Речь о церковном колоколе. Николай Кириллович просит дать его на один вечер, когда будет исполняться его симфония.
– И вообще… – Отец Михаил хмурится. – Колокол – не музыкальный инструмент. Не нужно для колоколов пьесы придумывать.
– Я не придумывал, я уставный звон использовал.
– Тем более не разрешат. – Отец Михаил поворачивается к колоколу и проводит ладонью.
– А если вдруг разрешат?
– Не знаю. Что он тебе так понравился?.. Вот если бы старые колокола были, которые раньше отливали. Вот у них – звук. Один, маленький, сохранился недалеко…
– Где?
– В Ленинском, на полевом стане у них висит, на работу сзывает. Его, может, и дадут. В пятидесятые годы, я еще тут не служил, мне рассказывали, письмо писали правлению их, просили передать колокол сюда, нам. Здесь колокола вообще не было, рельса одна висела, в нее били. Те вроде согласились, и уполномоченный тогда другой еще был, разрешил. Привезли сюда, надо было сразу вешать, а тут пока то да се, от колхозного правления человек примчался: всё, отцы, задний ход, вертайте колокол, без него не можем, работа не идет, производительность упала. Наши говорят: «Здравствуйте, ваша тетя, а мы его уже освятили!» А тот, из управления, уперся рогами: нам разницы нет, хоть освященный, хоть вместе с колокольней, только верните. А то, мол, наш Ленинский был передовой колхоз в районе, а без колокола и людей не соберешь вовремя на работу, и ползают по полю как сонные тетери. Пришлось отдать.
– А этот когда появился?
– Этот? Этот немного попозже, я уже тут пономарем служил. Когда тот отдали, стали думать, где другой взять. Взять негде, местная промышленность колокола не производит. Тогда у нас один путейский был, в совет не входил, но очень грамотный, Матвей Иванович, он тут недалеко сейчас лежит, если зайдешь, седьмая слева, чуть в глубине. Он и предложил отлить колокол в Москве и подпольно привезти сюда.
– Рискованно.
– Да уж, дорогой мой, по головке бы не погладили.

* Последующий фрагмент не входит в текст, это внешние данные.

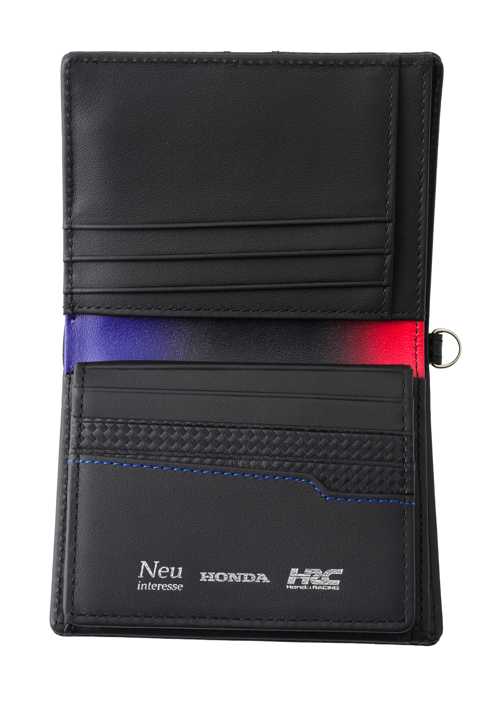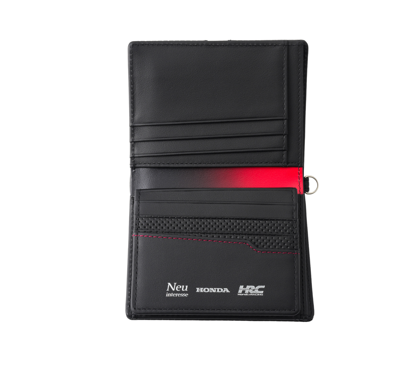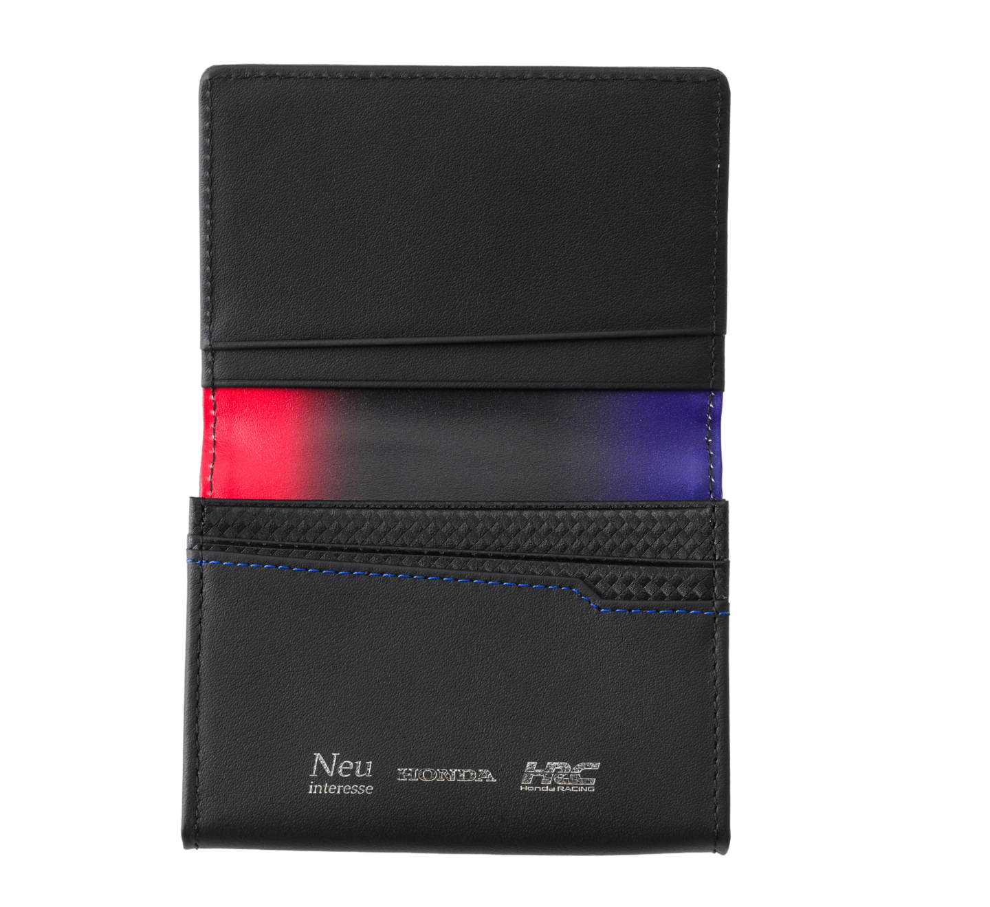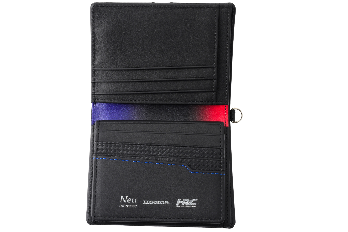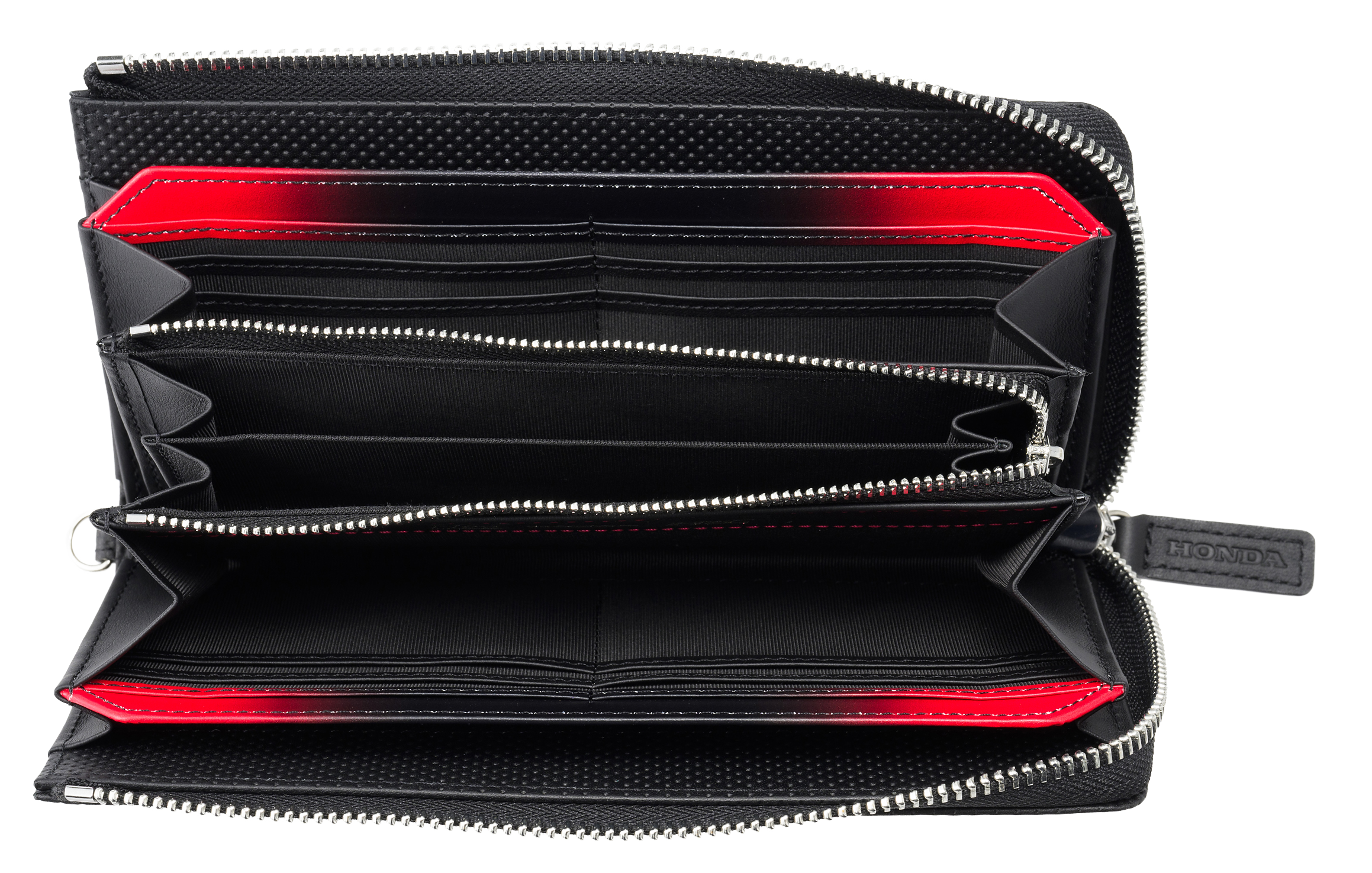 Officially licensed merchandise featuring the HRC logo, a symbol of Honda’s motorsports activities.Through Neu interesse items, the world of Honda driven by a passion for racing is expressed.For the leather items, the main material used is natural vegetable-tanned leather,processed with plant-derived agents by a domestic tannery certified by the Leather Working Group (LWG).Embossing with dimple and carbon patterns creates a refined yet sporty appearance.The selection of materials reflects a commitment to sustainability and environmental consideration.The bags feature a functional, streamlined design enhanced with zippers incorporating gradient prints.Constructed from high-density 1680D polyester with a water-repellent finish, they offer excellent durability and functionality.The gradient elements integrated into each design powerfully express the speed and dynamism of motorsports.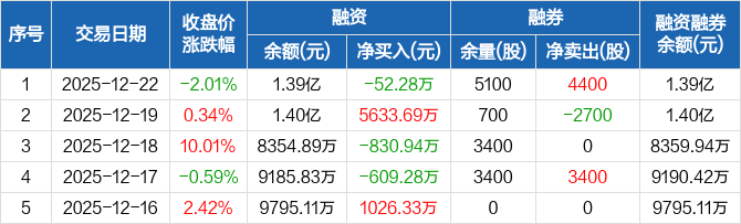 融资方面,当日融资买入4168.33万元,融资偿还4220.61万元,融资净偿还52.28万元。融券方面,融券卖出4400股,融券偿还0股,融券余量5100股,融券余额7.44万元。融资融券余额合计1.39亿元。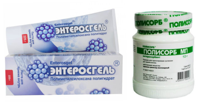 - Παίρνουν προσροφητικά φάρμακα που απορροφούν και εξουδετερώνουν τοξικές ενώσεις: εντεροσέλ, πολυσορβικό, λευκό ή ενεργό άνθρακα.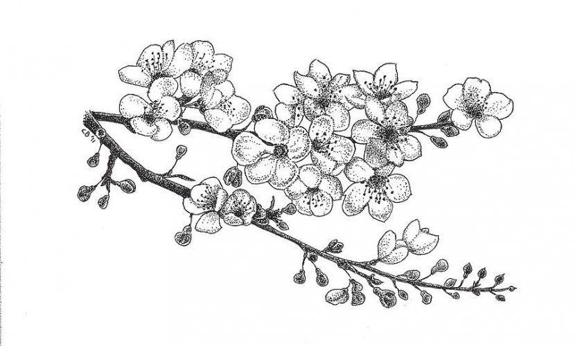 Сакура рисунок черно белый

Или бы так погладили, что суши сухари! Но он грамотный был, спец, одним словом. Машинист и кочегар ехали от Москвы досюда одним экипажем, главное с ними договориться. Наши в Москву съездили, нашли цех, где, когда начальства нет, можно колокол отлить. Ночью отлили, загрузили его на дно тендера, а сверху углем засыпали.
– И довезли?
– Да, мы тут каждый день молились… Загнали, значит, этот паровоз в один цех, вроде для ремонта. Стали ночью вручную разгружать. И тут кто-то не удержал, колокол сорвался – и об землю. И от удара почти треть отвалилась… Мужики некоторые чуть не заплакали. Хорошо, один из мастеров нашелся. «Кончайте, – говорит, – ваши нюни, я берусь его запаять, яму копайте!» И начали прямо ночью, прямо тут же в цеху, копать. Теперь говорит: «Несите дрова, да побольше. Разжигайте костер…» Разожгли.
– В цеху?
– А где еще? Хорошо, ночь, начальства никого. Когда остались угли, начали колокол опускать. Когда до нужной температуры накалился, отвалившийся кусок приставили и тот умелец начал оловянно-медной мелкой пудрой шов засыпать. Вот, видишь, заметен? Но это полдела. Если колокол сразу поднять, то припаянная часть под собственным весом могла отвалиться. Этот говорит: «Надо забросать яму с колоколом землей не менее чем на сутки!» Понимаешь? А если начальство днем зайдет? Как объяснить, что это за куча земли появилась? Да и не только начальство, а стукач какой-нибудь мог заглянуть. Решили, кровь из носу, не подпускать днем к этому месту ни одного живого человека. Как-то отвлекали. А еще и рабочий план надо выполнять, после ночи без сна. Еле дождались конца второй смены, она в одиннадцать часов вечера заканчивалась. Опять вручную колокол – на грузовичок и ночью тайком сюда. А тут мы уже с лопатами стоим.
– А зачем с лопатами?
– Чтоб тайком его закопать, – подмигивает отец Михаил. – А днем откопать. Вроде как рыли могилу и – на тебе! – колокол обрели. Люди на кладбище, пожалуйста, свидетели. Мы тоже, как артисты, вокруг него: «Наверное, кто-то в двадцатые годы закопал…» Быстро освятили – и на колокольню. Уполномоченный приехал, посмотрел на место, где мы «откопали», посмотрел на колокол. «Что-то, – говорит, – колокол у вас слишком новенький, а говорите, столько лет в земле лежал?» Отец диакон нашелся: «Новенький, потому что мы его отмыли и оттерли, а сколько лежал, не знаем, люди рассказывают, что это все с Белым Звонарем связано». Уполномоченный, как про Белого Звонаря услышал, рукой только махнул и уехал.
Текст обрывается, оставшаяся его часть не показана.